But her point had been made and she had returned borne with her healthy new son in her arms in a state of mind that was decidedly triumphant and just a little smug.

‘How very unwise,’ said my mother. ‘Supposing they had turned you away?’

‘That is exactly the point I was making, mother,’ insisted Victorine, safely installed now inner own bed, a bouquet of red roses from her husband – a romantic in spite of all his good intentions – arranged beside her. ‘They did turn a girl away only a week ago who ended up having her baby in a toolshed in Commercial Street. It is girls like that who need St Winfrede’s. Girls who are neither paupers nor vagrants nor promiscuous either – just young and perhaps not too clever and who have been seduced by somebody old enough to know better. By some frock-coated, silk-hatted gentleman, often enough, like the ones who sit on the hospital committee.’

‘Well, at least he is a very pretty baby,’ said my mother who had given him no more than the briefest glance, exhibiting not the least desire to touch.

‘Very sweet,’ said Alys automatically, not looking at him either.
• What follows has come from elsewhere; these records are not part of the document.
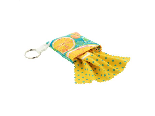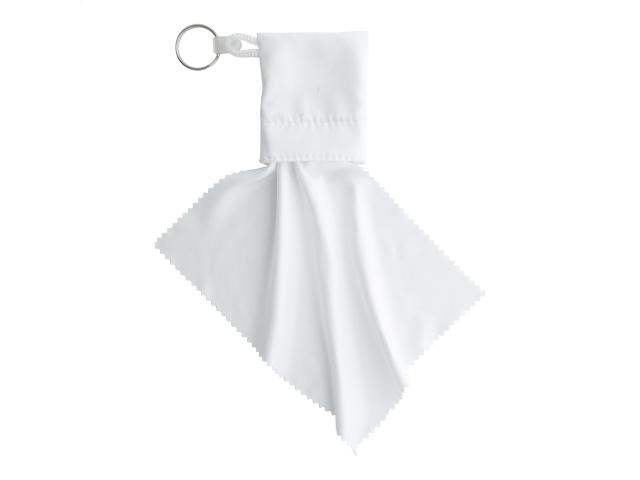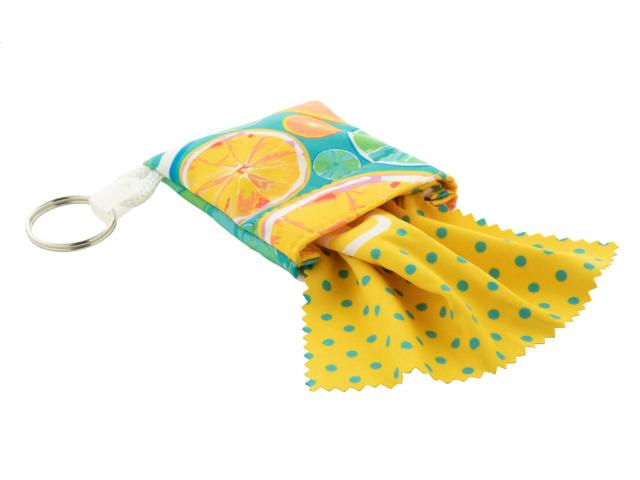 Custom made, microfibre (180 g/m²) cleaning cloth for glasses in polyester pouch with velcro closure and key ring. With all over sublimation printed graphics. MOQ: 100 pcs.
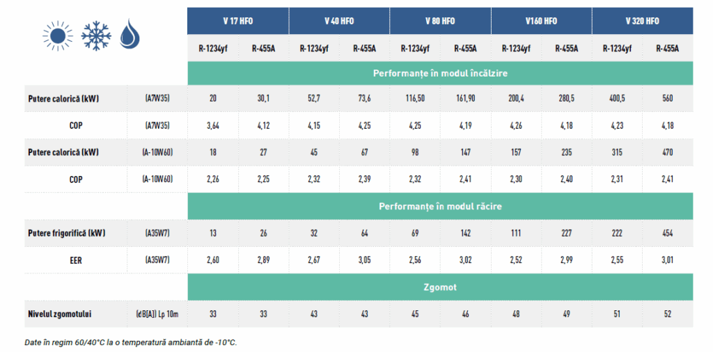 Pompe de căldură optimizate cu R-1234yf sau R-455A în funcție de puterea dorită și de debitul de apă preconizat
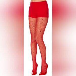 🔸️NWT Red w/Hearts Fishnet Tights Medium/Large
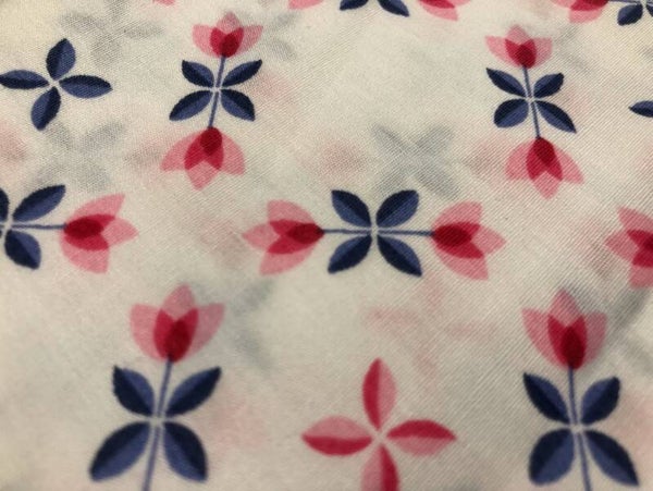 Naaistof Dutch Tulip - een witte katoenen stof met daarop blauw / rode tulpen in ruitvorm.
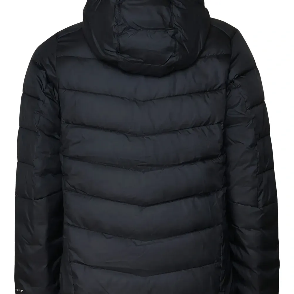 пуховик с капюшоном и логотипом
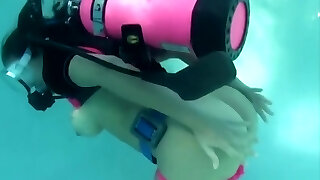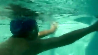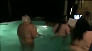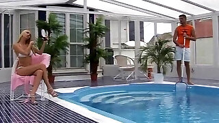 A blonde pushed the fellow into the pool so that he became wet, because her cunny was already dripping
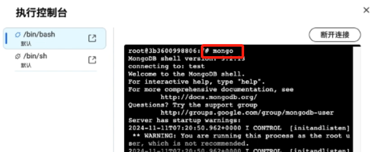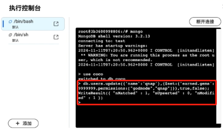 接着再返回容器按照下图指示依次点击【执行】→【/bin/bash】→【执行】。
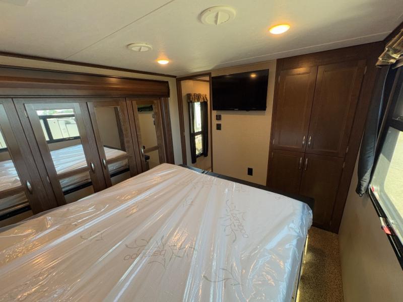The Keystone Montana High Country 381TH toy hauler fifth wheel combines luxury, functionality, and rugged design for off-road adventures. With a spacious garage, front living area, residential kitchen, and multiple slides, it provides comfort and convenience for the whole family. Enjoy panoramic views, premium materials, and high-end features that make this fifth wheel perfect for long weekends or extended adventures.
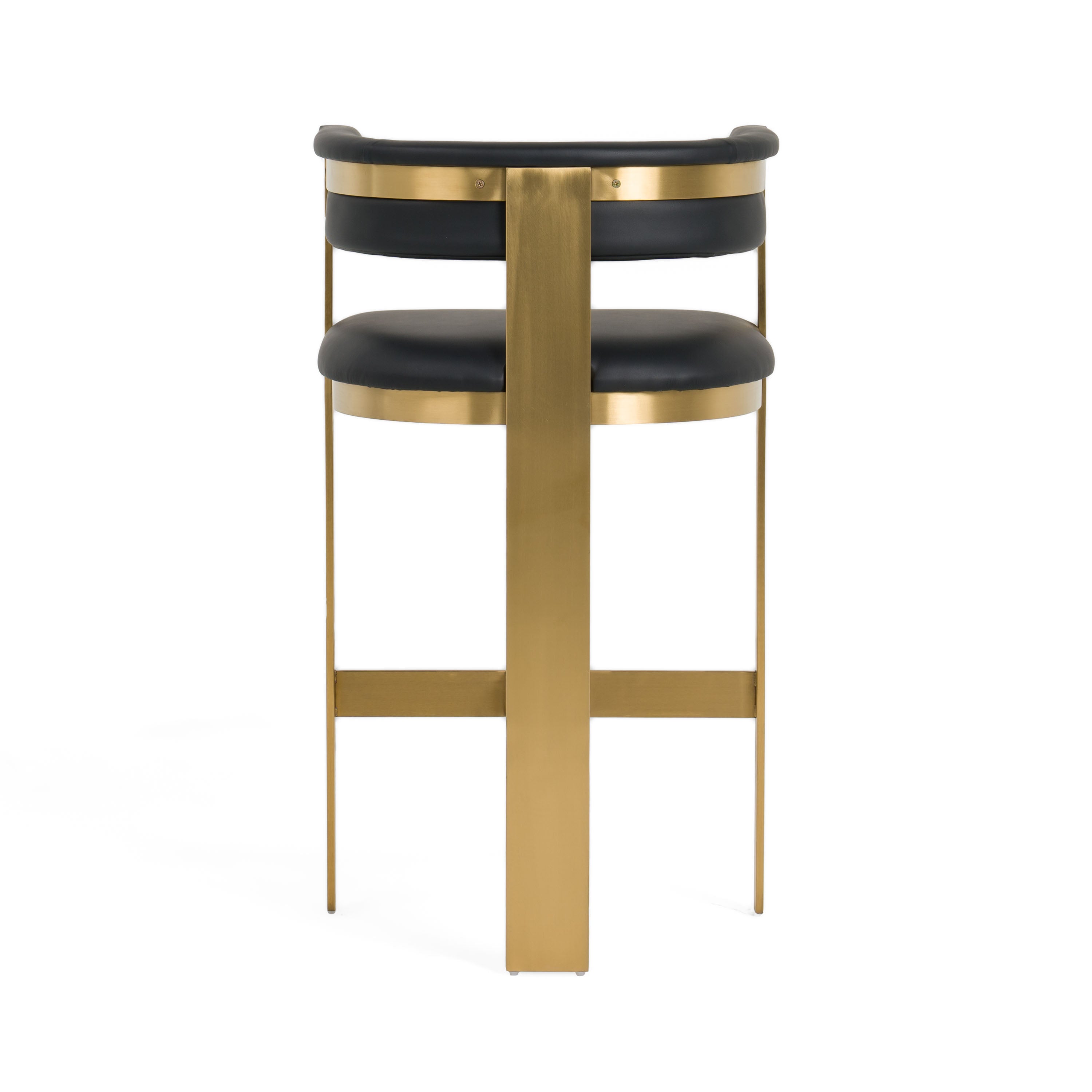 Update your dining room with the Boswell Barstool! This stunning piece features a rounded seat design with a polished gold metal frame and faux leather seat cushions. The silhouette evokes an Art Deco style while the materials hint at a modern piece. The faux leather is available in both white and black.

‘Very noisy,’ said Victorine proudly, ‘and much bigger than Matthew. Well – they say they get bigger every time but I shall only do it once again. In about two years I think I shall try for a girl and then no more.’

‘Your confidence,’ my mother murmured just a little wistfully, ‘amazes me. In my day, in such matters, a woman was simply in the lap of the gods. One learned to take what came.’

‘Nonsense, mother,’ Victorine declared robustly. ‘You had the choice between abstinence and abortion which are still the most widely used contraceptives – in many cases the only ones – available today.’

‘Victorine, dear – must you?’

‘Yes, mother for one must learn to call things by their proper names. Abortion is the only remedy most women – certainly most working women – know of, or are allowed to know of. And when they are desperate enough, when they simply cannot feed or clothe or house any more children without taking bread from the mouths of the children they already have, then they will use it. They will go to that old woman down St Saviour’s Passage who makes a tidy living out of infanticide. Or to the druggist in Bradeswick Place who sells lotions and potions at his back door that will poison the foetus and quite often the mother as well. But I have a few remedies of my own, of a much more scientific nature, and I am about to declare a war to the knife against those two charlatans when I am up and about again.’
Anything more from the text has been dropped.